Giovanni: Che devo fare?

Architetto: Io non ho mai fatto nulla, si tratta di essere in un certo modo…

Giovanni: … “Essere in un certo modo”, che significa?… e in che modo?…

Architetto: Significa essere l’opposto delle donne, mai essere come loro… diversità e solitudine. Solitudine interna e… qualche volta materiale… Hanno un segreto, che non ti danno mai spontaneamente, bisogna costringerle, però poi sono felici di essere state “violentate”… e non te lo riconoscono mai, anzi ti denunciano e forse hanno ragione, perché hanno toccato qualcosa che non troveranno mai più nella vita, nella vita si trova appunto il volersi bene e gli esseri umani preferiscono volersi bene… rispettarsi, proteggersi, compatirsi, amarsi così... piuttosto che cercare quell’“impossibile bellezza” di cui ha parlato Sandra nella deposizione, che poi ha voluto rinnegare… per averla conosciuta…»

 

Ecco fatto. Altre sei pagine sconclusionate in cui si parla anche di libri

Ma forse ho trovato l’auspicata terza ipotesi: non sono d’accordo. Né con il concetto astratto di “desiderio” esternato da Eco, né con gli uomini che sbavano sui calendari delle modelle (quando va bene), né con le donne che si prestano al gioco. E neppure con la Chiesa, che chiude un occhio su qualunque perversione, tranne sul rapporto sano tra uomo e donna.

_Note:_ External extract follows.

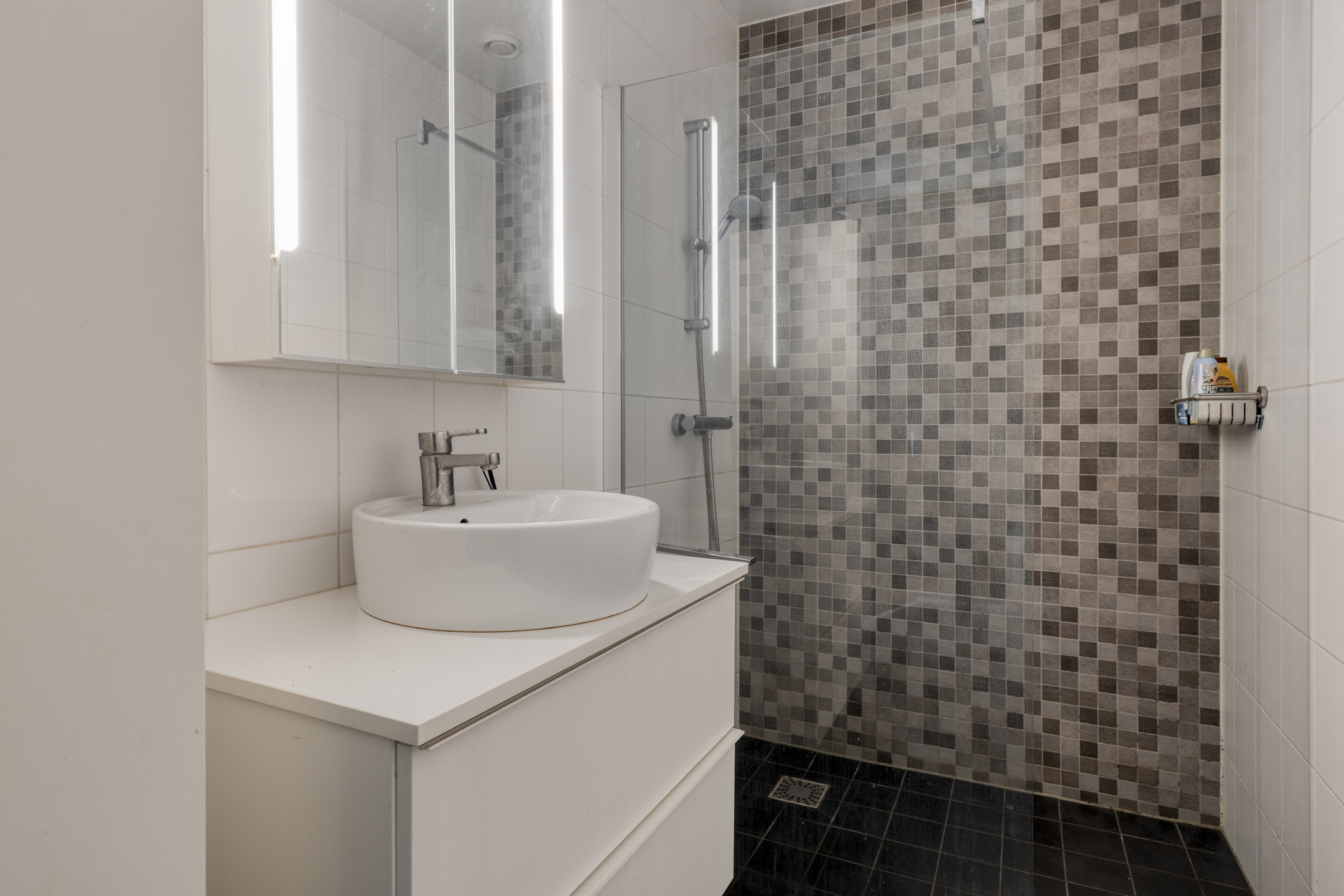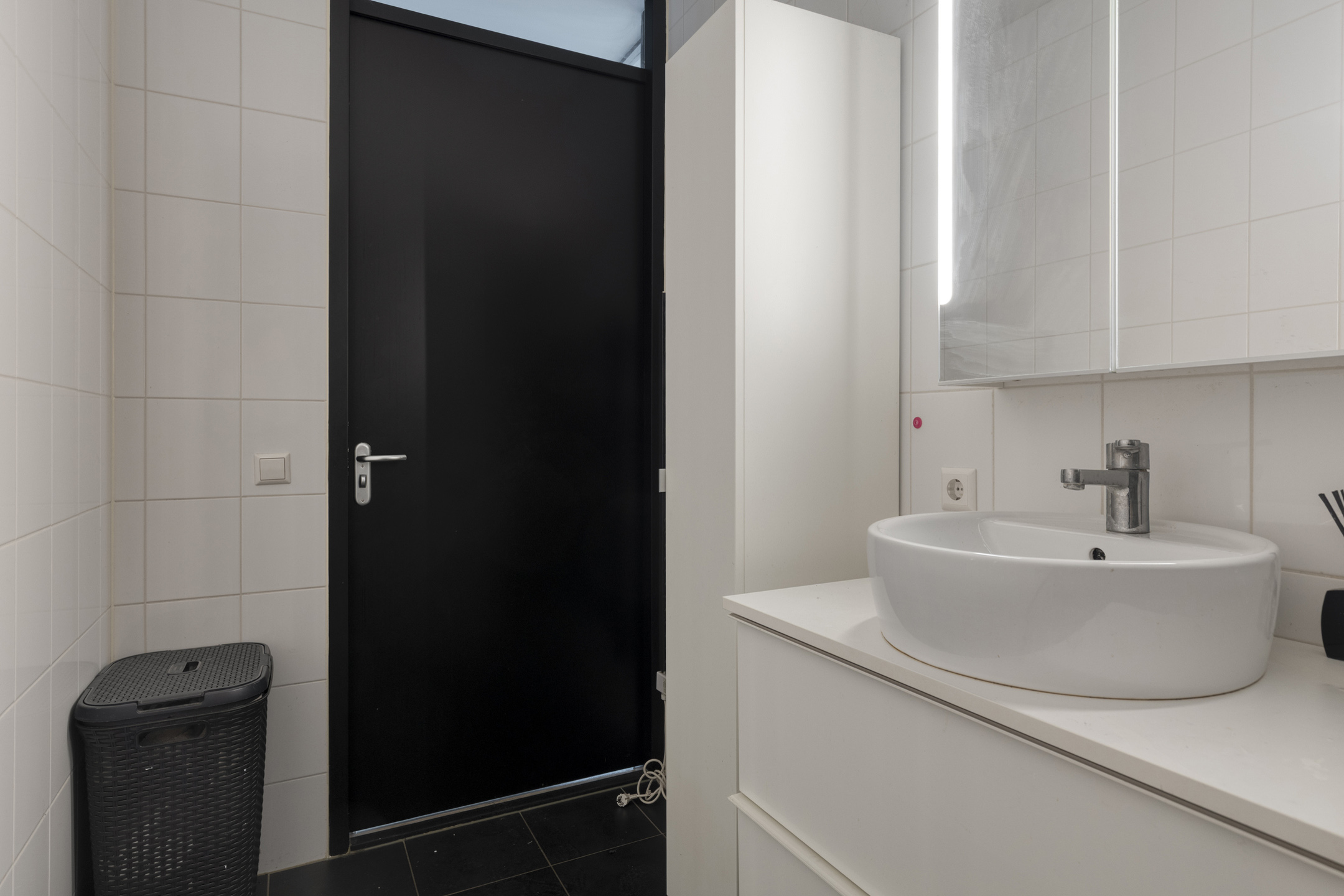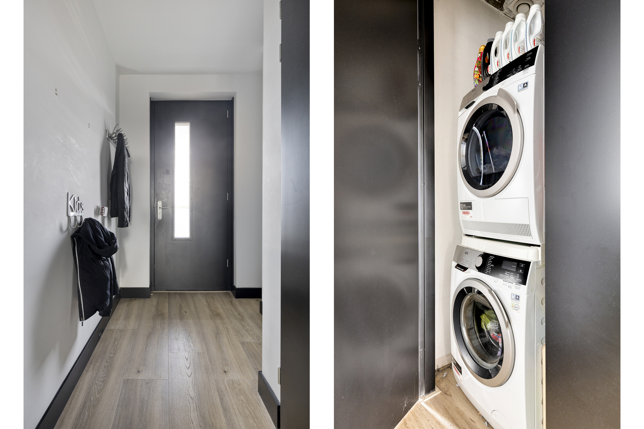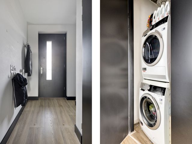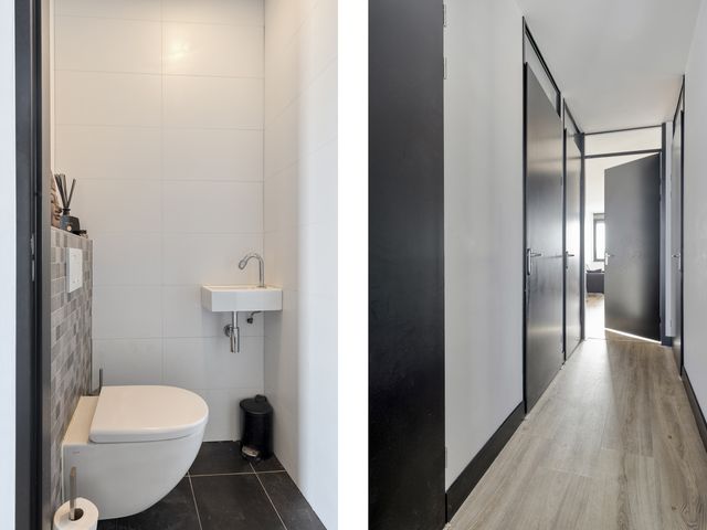 Achter de voordeur stap je binnen in een lange hal die direct een verzorgde indruk maakt. Hier vind je de meterkast, een praktische bergkast met witgoedaansluitingen en het moderne toilet met fonteintje.

La “terza ipotesi” mi fa essere d’accordo solo con chi pensa che occorra superare la paura del desiderio, di quello vero! Non della bramosia travestita, della gastronomica visione del sesso, del possesso narcisistico e  annullante.

E per il desiderio vero, l’unico possibile, tra un uomo e una donna, mettere in gioco tutto, lasciarsi andare, saper perdere la testa.

È un lavoro difficile, essendo necessarie tante, forse troppe doti per non soccombere ad una simile prospettiva: identità, vitalità, creatività, sanità mentale… Per chi non le possiede c’è davvero il rischio di andare incontro alla “follia”!